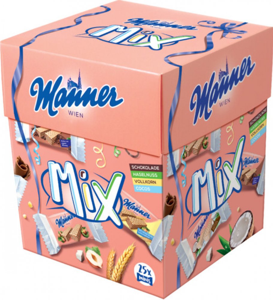Oplatky Mini Mix oplatky na zahnání chuti na sladké v novém balení vhodné na party. Balení obsahuje několik různých příchutí samostatně balených oplatků. Vždy a všude k dispozici, v praktickém balení a v neustále vysoké kvalitě provázejí oblíbené „oplatky Manner“ člověka ve všech životních situacích již po několik generací. Nechte se i vy svést a prožijte kus historie!
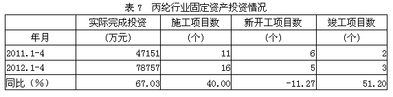 據(jù)國(guó)家統(tǒng)計(jì)局公布的數(shù)據(jù),2012年1-4月份丙綸行業(yè)實(shí)際完成投資額7.88億元,同比增加67.03%;當(dāng)年以來(lái)到目前為止施工項(xiàng)目總數(shù)為16個(gè),同比增加40.00%;其中新開(kāi)工項(xiàng)目數(shù)5個(gè),同比減少11.27%;截至4月底為止,已實(shí)現(xiàn)竣工項(xiàng)目數(shù)3個(gè),同比增加51.20%,占施工項(xiàng)目總數(shù)的18.75%,表明該行業(yè)投資項(xiàng)目進(jìn)展較好。
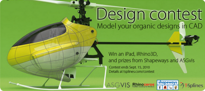 距离投稿截止日期 (2010年9月15日) 就剩三个星期了,现在开始用 T-Splines 设计还来得及! 加参这项 T-Splines 设计竞赛,设计与众不同的模型,可以提高您的知名度,并有机会赢得 iPad、iRhino 3D 及其它奖品。
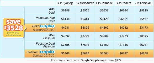 *Starting holiday costs per person, two share, for low seasons (A$). Seasonal surcharges apply outside of low season. Early Bird Specials require travel outside of the next 6 months (i.e travel in more than 6 months time). As prices vary based on travel dates, be flexible with dates to get the best deals! Itinerary and vehicle types subject to change without notice. Subject to limited availability at these prices, after which higher prices apply, book now. Ex Adelaide / Sydney prices include only flights back to Adelaide / Sydney. See Important Information before booking. © DISCOVER AUSTRALIA Booking Code: mp389
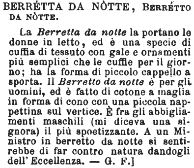 Berretta da notte, Berretto da notte - La Berretta da notte la portano le donne in letto, ed è una specie di cuffia di tessuto con gale e ornamenti più semplici che le cuffie per il giorno; ha la forma di piccolo cappello a sporta. Il Berretto da notte è per gli uomini, ed è fatto di cotone a maglia in forma di cono con una piccola nappettina sul vertice. È fra gli abbigliamenti maschili (mi diceva una signora) il più spoetizzante. A un Ministro in berretto da notte si sentirebbe di far contro natura dandogli dell'Eccellenza. - G. F.] [immagine]

--------------------------------

-- Aim of the task --
Can you repeat every record above exactly, apart from the pictures?

-- Answer space --
Oplatky Mini Mix oplatky na zahnání chuti na sladké v novém balení vhodné na party. Balení obsahuje několik různých příchutí samostatně balených oplatků. Vždy a všude k dispozici, v praktickém balení a v neustále vysoké kvalitě provázejí oblíbené „oplatky Manner“ člověka ve všech životních situacích již po několik generací. Nechte se i vy svést a prožijte kus historie!
 據(jù)國(guó)家統(tǒng)計(jì)局公布的數(shù)據(jù),2012年1-4月份丙綸行業(yè)實(shí)際完成投資額7.88億元,同比增加67.03%;當(dāng)年以來(lái)到目前為止施工項(xiàng)目總數(shù)為16個(gè),同比增加40.00%;其中新開(kāi)工項(xiàng)目數(shù)5個(gè),同比減少11.27%;截至4月底為止,已實(shí)現(xiàn)竣工項(xiàng)目數(shù)3個(gè),同比增加51.20%,占施工項(xiàng)目總數(shù)的18.75%,表明該行業(yè)投資項(xiàng)目進(jìn)展較好。
 距离投稿截止日期 (2010年9月15日) 就剩三个星期了,现在开始用 T-Splines 设计还来得及! 加参这项 T-Splines 设计竞赛,设计与众不同的模型,可以提高您的知名度,并有机会赢得 iPad、iRhino 3D 及其它奖品。
 *Starting holiday costs per person, two share, for low seasons (A$). Seasonal surcharges apply outside of low season. Early Bird Specials require travel outside of the next 6 months (i.e travel in more than 6 months time). As prices vary based on travel dates, be flexible with dates to get the best deals! Itinerary and vehicle types subject to change without notice. Subject to limited availability at these prices, after which higher prices apply, book now. Ex Adelaide / Sydney prices include only flights back to Adelaide / Sydney. See Important Information before booking. © DISCOVER AUSTRALIA Booking Code: mp389
 Berretta da notte, Berretto da notte - La Berretta da notte la portano le donne in letto, ed è una specie di cuffia di tessuto con gale e ornamenti più semplici che le cuffie per il giorno; ha la forma di piccolo cappello a sporta. Il Berretto da notte è per gli uomini, ed è fatto di cotone a maglia in forma di cono con una piccola nappettina sul vertice. È fra gli abbigliamenti maschili (mi diceva una signora) il più spoetizzante. A un Ministro in berretto da notte si sentirebbe di far contro natura dandogli dell'Eccellenza. - G. F.] [immagine]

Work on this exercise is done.